### Exercise
Set every entry down again exactly, excluding any pictures.

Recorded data
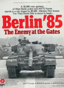 Berlin '85 is a game set in the 1980s during the Cold War in which the NATO forces in Berlin, composed of French, British, and American military units, and West Berlin Police, are attacked by Soviet/Warsaw Pact military units in a battle involving both time and attrition.[1] The game uses SPI's "Modern Battles Quad" rules with new rules for urbanized terrain, subways, fire storms, gas warfare, rubble, police, supply and airpower.[2]
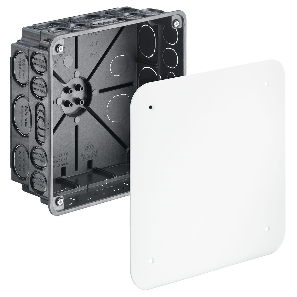 Verbindungsdose UP 107x107x57mm Kst IP2X quadrat| Anzahl der Einführungen | 12 |
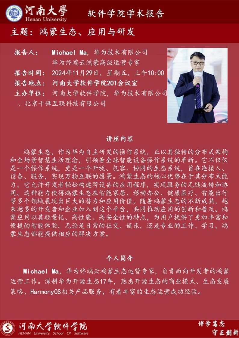 Michael Ma:鸿蒙生态、应用与研发(时间:11月29日)
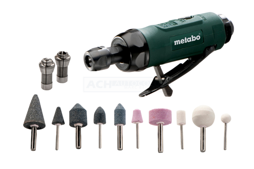 EURO Stecknippel 1/4″, ARO/Orion Stecknippel 1/4″, ISO Stecknippel 1/4″, 2 Spannzangen (3 mm, 6 mm), je 5 Schleifstifte (3 mm, 6 mm), 2 Maulschlüssel (13 mm, 16 mm), Kunststoffkoffer
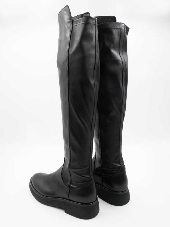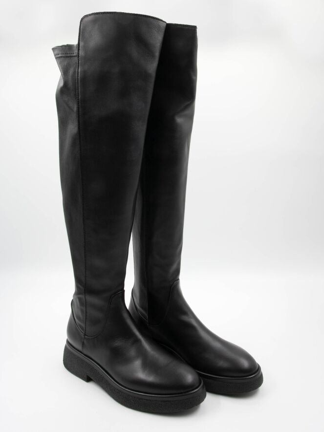 A luxurious high tube boot from AGL in black. The forefoot and front of the shaft are made of soft and supple nappa leather, while the back of the shaft is crafted from a luxurious stretch imitation leather.
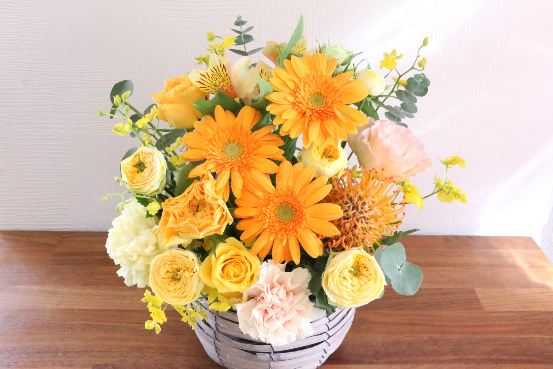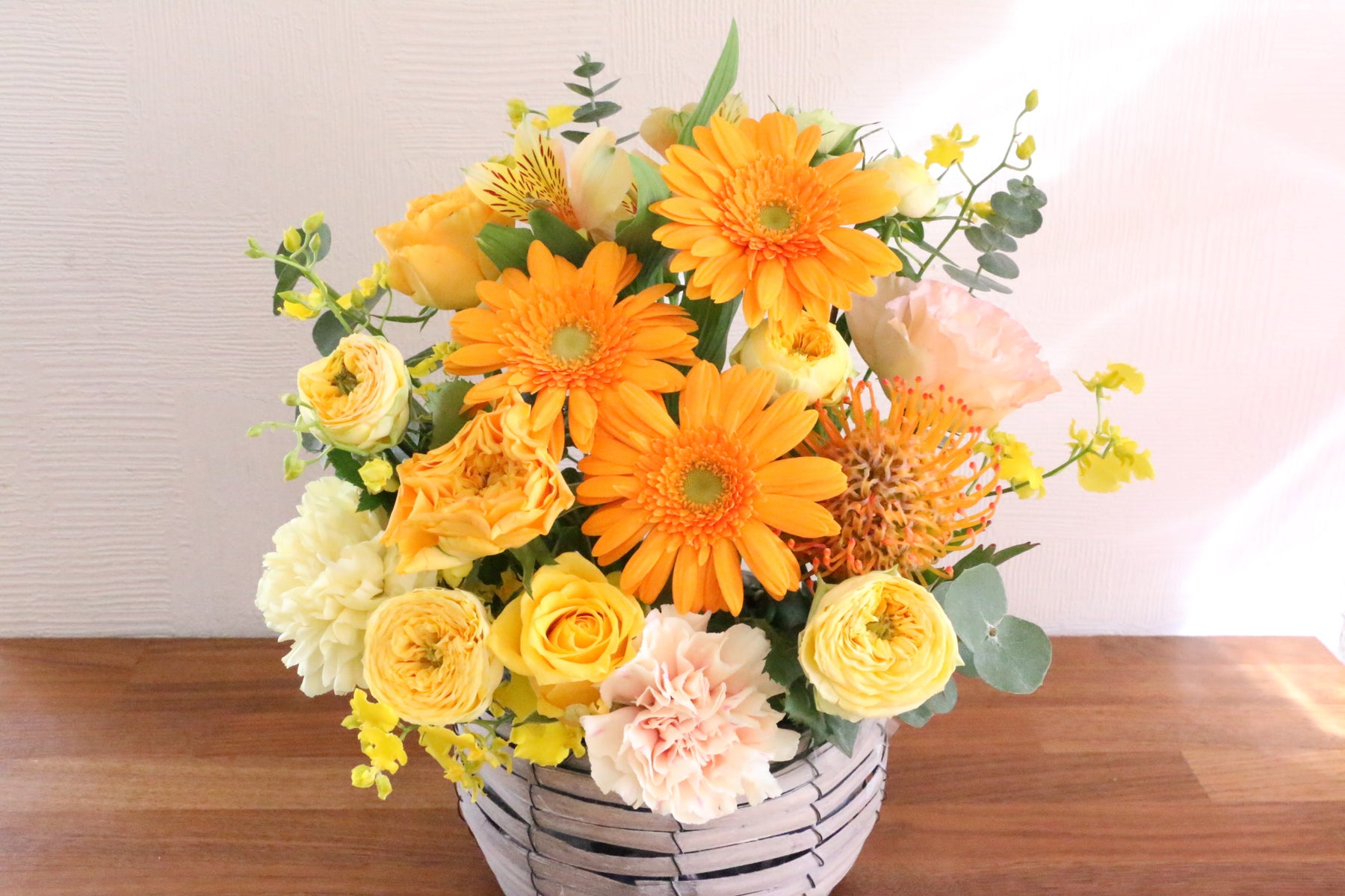黄色・オレンジ色のお花をベースに明るく元気な雰囲気で仕上げたアレンジメントです。

### Solution for this exercise
 Berlin '85 is a game set in the 1980s during the Cold War in which the NATO forces in Berlin, composed of French, British, and American military units, and West Berlin Police, are attacked by Soviet/Warsaw Pact military units in a battle involving both time and attrition.[1] The game uses SPI's "Modern Battles Quad" rules with new rules for urbanized terrain, subways, fire storms, gas warfare, rubble, police, supply and airpower.[2]
 Verbindungsdose UP 107x107x57mm Kst IP2X quadrat| Anzahl der Einführungen | 12 |
 Michael Ma:鸿蒙生态、应用与研发(时间:11月29日)
 EURO Stecknippel 1/4″, ARO/Orion Stecknippel 1/4″, ISO Stecknippel 1/4″, 2 Spannzangen (3 mm, 6 mm), je 5 Schleifstifte (3 mm, 6 mm), 2 Maulschlüssel (13 mm, 16 mm), Kunststoffkoffer
 A luxurious high tube boot from AGL in black. The forefoot and front of the shaft are made of soft and supple nappa leather, while the back of the shaft is crafted from a luxurious stretch imitation leather.
黄色・オレンジ色のお花をベースに明るく元気な雰囲気で仕上げたアレンジメントです。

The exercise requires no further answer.